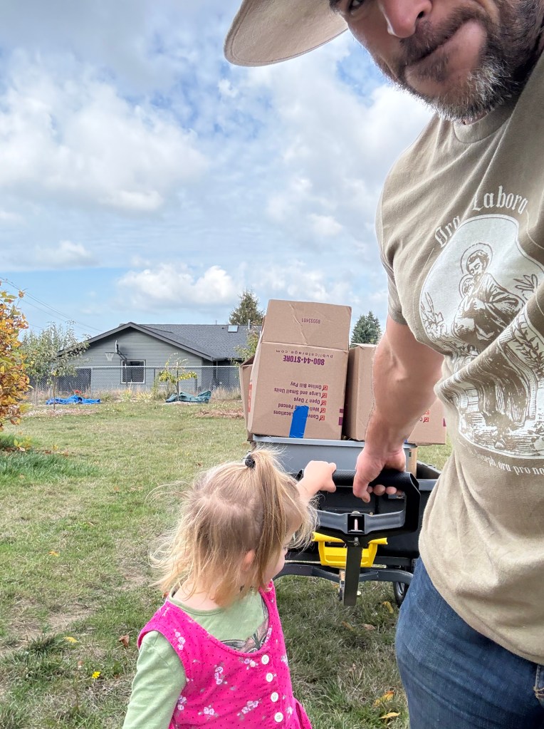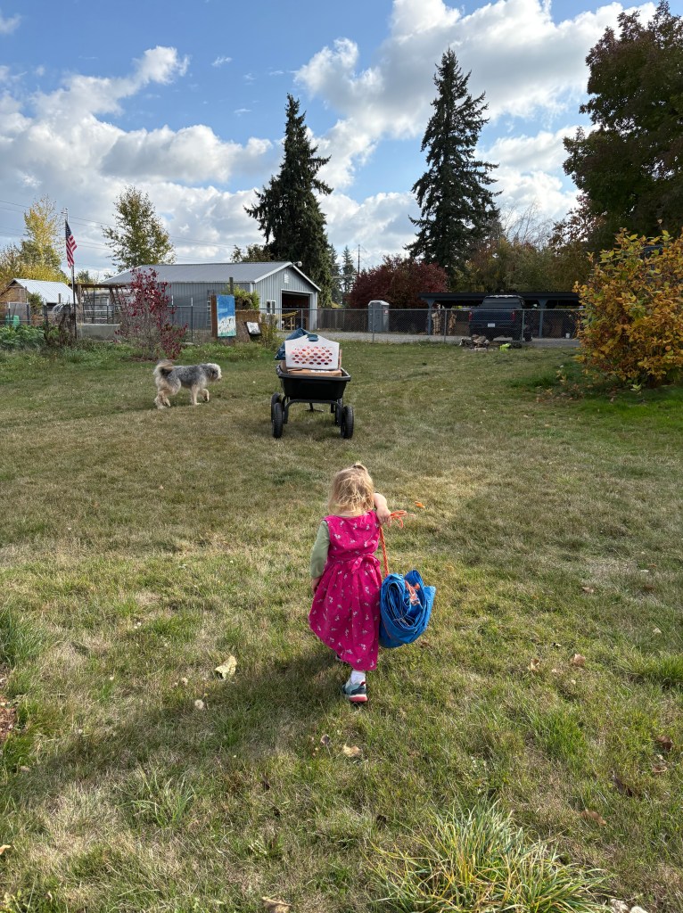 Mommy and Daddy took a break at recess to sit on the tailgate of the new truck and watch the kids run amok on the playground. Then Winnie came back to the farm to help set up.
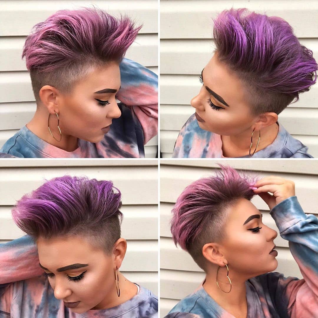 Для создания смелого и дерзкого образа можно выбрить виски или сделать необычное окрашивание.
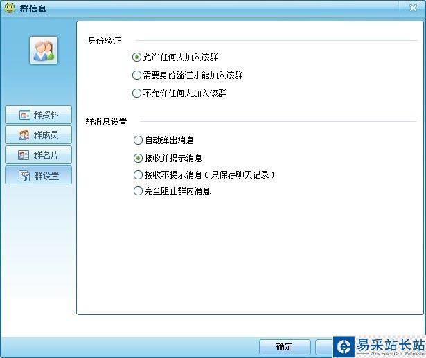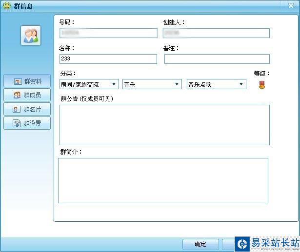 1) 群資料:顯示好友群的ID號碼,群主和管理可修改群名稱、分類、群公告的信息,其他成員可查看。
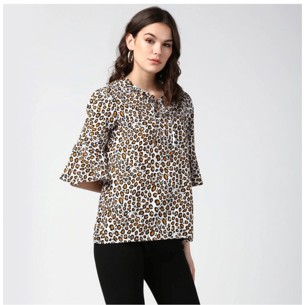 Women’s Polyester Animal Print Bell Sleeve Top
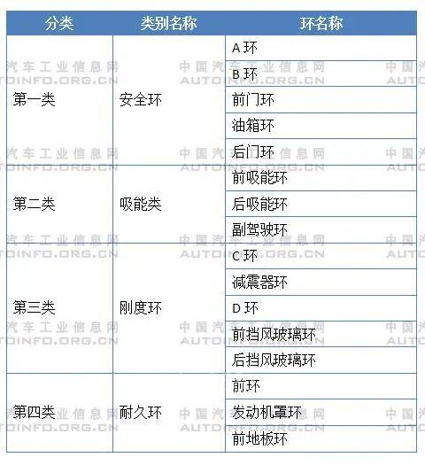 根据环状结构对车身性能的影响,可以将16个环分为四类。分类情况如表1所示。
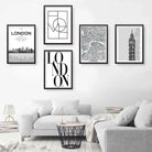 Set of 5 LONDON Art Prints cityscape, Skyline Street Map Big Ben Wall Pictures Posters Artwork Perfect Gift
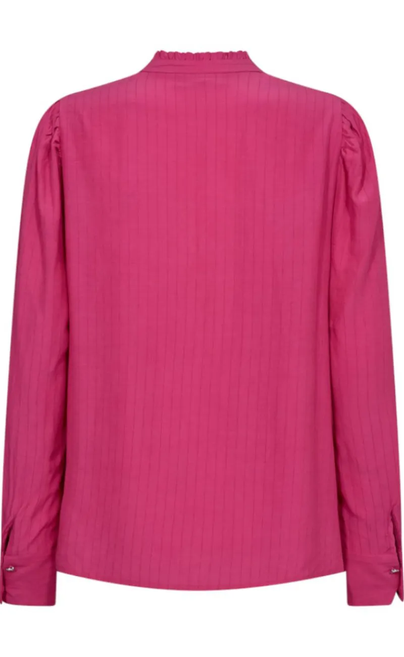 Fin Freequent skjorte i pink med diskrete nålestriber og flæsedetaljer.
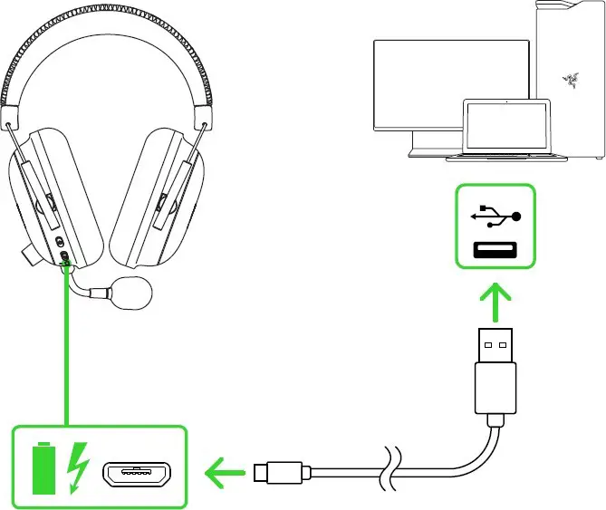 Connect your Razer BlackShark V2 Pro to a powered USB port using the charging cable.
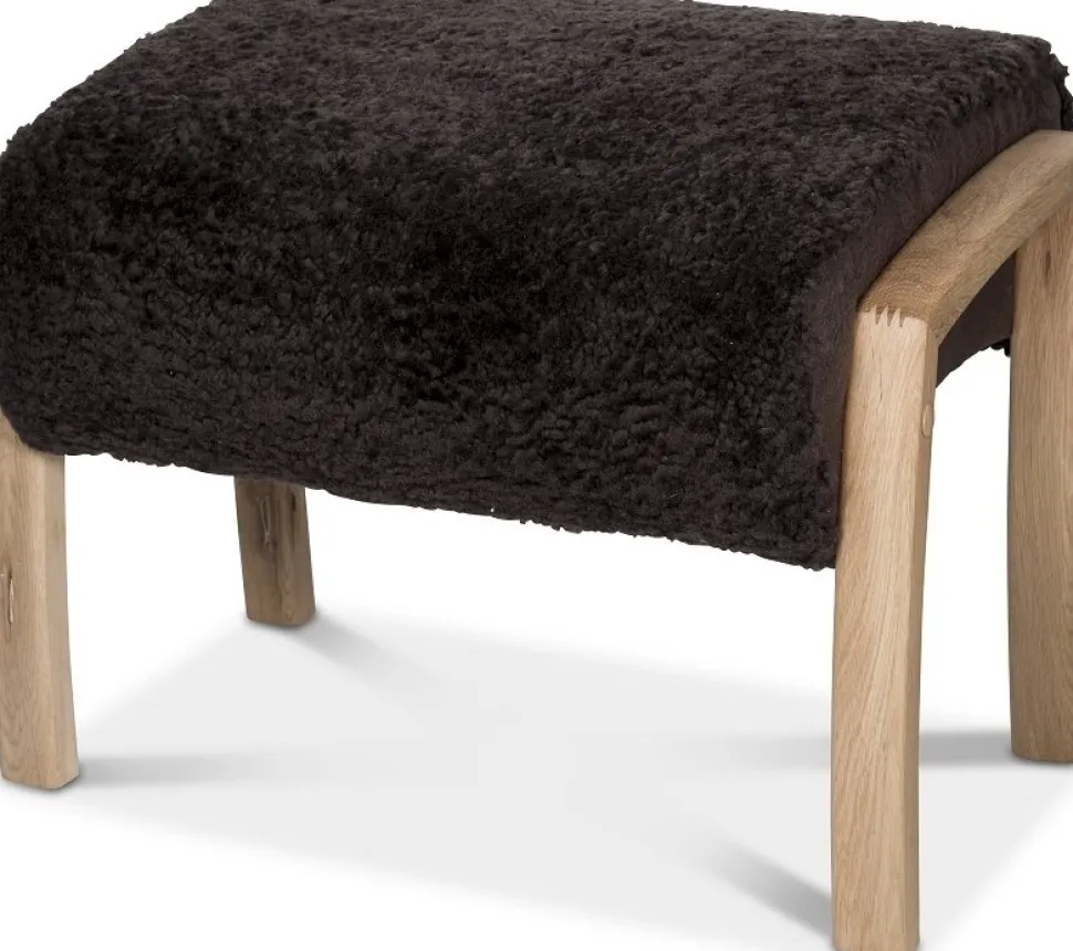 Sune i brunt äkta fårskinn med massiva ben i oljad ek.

# # # # # # #

> **EXERCISE**
Output the data exactly, pictures omitted.

> **RESPONSE AREA**
 Mommy and Daddy took a break at recess to sit on the tailgate of the new truck and watch the kids run amok on the playground. Then Winnie came back to the farm to help set up.
 Для создания смелого и дерзкого образа можно выбрить виски или сделать необычное окрашивание.
 1) 群資料:顯示好友群的ID號碼,群主和管理可修改群名稱、分類、群公告的信息,其他成員可查看。
 Women’s Polyester Animal Print Bell Sleeve Top
 根据环状结构对车身性能的影响,可以将16个环分为四类。分类情况如表1所示。
 Set of 5 LONDON Art Prints cityscape, Skyline Street Map Big Ben Wall Pictures Posters Artwork Perfect Gift
 Fin Freequent skjorte i pink med diskrete nålestriber og flæsedetaljer.
 Connect your Razer BlackShark V2 Pro to a powered USB port using the charging cable.
 Sune i brunt äkta fårskinn med massiva ben i oljad ek.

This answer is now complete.